From: Peter Zijlstra @ 2016-07-15 10:07 UTC (permalink / raw)
  To: Pan Xinhui
  Cc: Waiman Long, Ingo Molnar, linux-kernel, Boqun Feng,
	Scott J Norton, Douglas Hatch

On Fri, Jul 15, 2016 at 05:39:46PM +0800, Pan Xinhui wrote:
> >I'm thinking you're trying to say this:
> >
> >
> >CPU0			CPU1			CPU2
> >
> >__pv_queued_spin_unlock_slowpath()
> >  ...
> >  smp_store_release(&l->locked, 0);
> >			__pv_queued_spin_lock_slowpath()
> >			  ...
> >			  pv_queued_spin_steal_lock()
> >			    cmpxchg(&l->locked, 0, _Q_LOCKED_VAL) == 0
> >
> >
> >						pv_wait_head_or_lock()
> >
> >  pv_kick(node->cpu);  ---------------------->	  pv_wait(&l->locked, _Q_SLOW_VAL);
> >
> >			__pv_queued_spin_unlock()
> >			  cmpxchg(&l->locked, _Q_LOCKED_VAL, 0) == _Q_LOCKED_VAL
> >
> >						  for () {
> >						    trylock_clear_pending();
> >						    cpu_relax();
> >						  }
> >
> >						  pv_wait(&l->locked, _Q_SLOW_VAL);
> >
> >
> >Which is indeed 'bad', but not fatal, note that the later pv_wait() will
> >not in fact go wait, since l->locked will _not_ be _Q_SLOW_VAL.

> 
> the problem is that "this later pv_wait will do nothing as l->locked
> is not _Q_SLOW_VAL", So it is not paravirt friendly then. we will go
> into the trylock loop again and again until the lock is unlocked.

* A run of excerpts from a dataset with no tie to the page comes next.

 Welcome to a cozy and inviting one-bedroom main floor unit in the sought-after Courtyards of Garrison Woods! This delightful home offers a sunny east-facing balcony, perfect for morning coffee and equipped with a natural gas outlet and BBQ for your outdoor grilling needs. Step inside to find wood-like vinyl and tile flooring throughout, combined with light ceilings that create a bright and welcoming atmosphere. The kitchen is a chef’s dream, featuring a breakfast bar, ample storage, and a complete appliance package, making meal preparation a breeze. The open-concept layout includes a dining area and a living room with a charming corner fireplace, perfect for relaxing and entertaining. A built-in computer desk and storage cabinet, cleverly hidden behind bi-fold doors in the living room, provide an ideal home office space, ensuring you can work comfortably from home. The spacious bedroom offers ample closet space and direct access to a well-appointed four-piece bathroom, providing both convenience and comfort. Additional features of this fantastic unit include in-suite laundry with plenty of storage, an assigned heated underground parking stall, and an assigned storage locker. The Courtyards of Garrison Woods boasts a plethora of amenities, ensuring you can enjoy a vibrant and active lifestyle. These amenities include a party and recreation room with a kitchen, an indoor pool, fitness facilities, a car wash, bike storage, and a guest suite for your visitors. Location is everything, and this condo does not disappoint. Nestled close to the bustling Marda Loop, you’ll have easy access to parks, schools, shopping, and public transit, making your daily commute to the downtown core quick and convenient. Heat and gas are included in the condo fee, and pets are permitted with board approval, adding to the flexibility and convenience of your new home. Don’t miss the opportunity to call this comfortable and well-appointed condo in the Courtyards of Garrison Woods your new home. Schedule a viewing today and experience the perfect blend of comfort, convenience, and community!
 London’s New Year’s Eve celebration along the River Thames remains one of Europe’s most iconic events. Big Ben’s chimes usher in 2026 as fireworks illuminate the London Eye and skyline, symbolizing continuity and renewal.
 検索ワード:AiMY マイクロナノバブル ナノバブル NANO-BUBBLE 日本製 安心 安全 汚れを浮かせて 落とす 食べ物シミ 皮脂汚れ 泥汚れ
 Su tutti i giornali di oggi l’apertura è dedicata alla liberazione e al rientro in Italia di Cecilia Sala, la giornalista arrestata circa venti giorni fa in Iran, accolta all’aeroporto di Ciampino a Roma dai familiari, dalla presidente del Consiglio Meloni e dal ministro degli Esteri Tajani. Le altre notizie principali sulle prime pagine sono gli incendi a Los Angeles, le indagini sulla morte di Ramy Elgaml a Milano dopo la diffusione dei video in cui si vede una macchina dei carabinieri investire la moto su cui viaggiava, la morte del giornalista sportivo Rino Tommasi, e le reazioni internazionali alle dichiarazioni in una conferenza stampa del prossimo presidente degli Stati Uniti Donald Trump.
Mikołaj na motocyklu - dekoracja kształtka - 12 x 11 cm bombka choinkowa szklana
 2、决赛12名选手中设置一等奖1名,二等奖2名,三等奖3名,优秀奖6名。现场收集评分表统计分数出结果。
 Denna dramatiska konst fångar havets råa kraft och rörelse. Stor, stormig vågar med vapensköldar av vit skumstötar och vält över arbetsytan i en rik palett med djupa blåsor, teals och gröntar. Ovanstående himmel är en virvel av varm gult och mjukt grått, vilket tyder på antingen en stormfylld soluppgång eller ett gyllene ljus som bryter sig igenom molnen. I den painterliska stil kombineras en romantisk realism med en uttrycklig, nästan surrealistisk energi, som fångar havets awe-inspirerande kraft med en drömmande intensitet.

Agreed, which is 'bad'. But the patch spoke about a missing wakeup,
which is worse, as that would completely inhibit progress.

> So if we are kicked by the unlock_slowpath, and the lock is stealed by
> someone else,  we need hash its node again and set l->locked to
> _Q_SLOW_VAL, then enter pv_wait.

Right, let me go think about this a bit.

> but I am worried about lock stealing. could the node in the queue
> starve for a long time? I notice the latency of pv_wait on an
> over-commited guest can be bigger than 300us. I have not seen such
> starving case, but I think it is possible to happen.

I share that worry, which is why we limit the steal attempt to one.
But yes, theoretically its possible to starve things AFAICT.

We've not come up with sensible way to completely avoid starvation.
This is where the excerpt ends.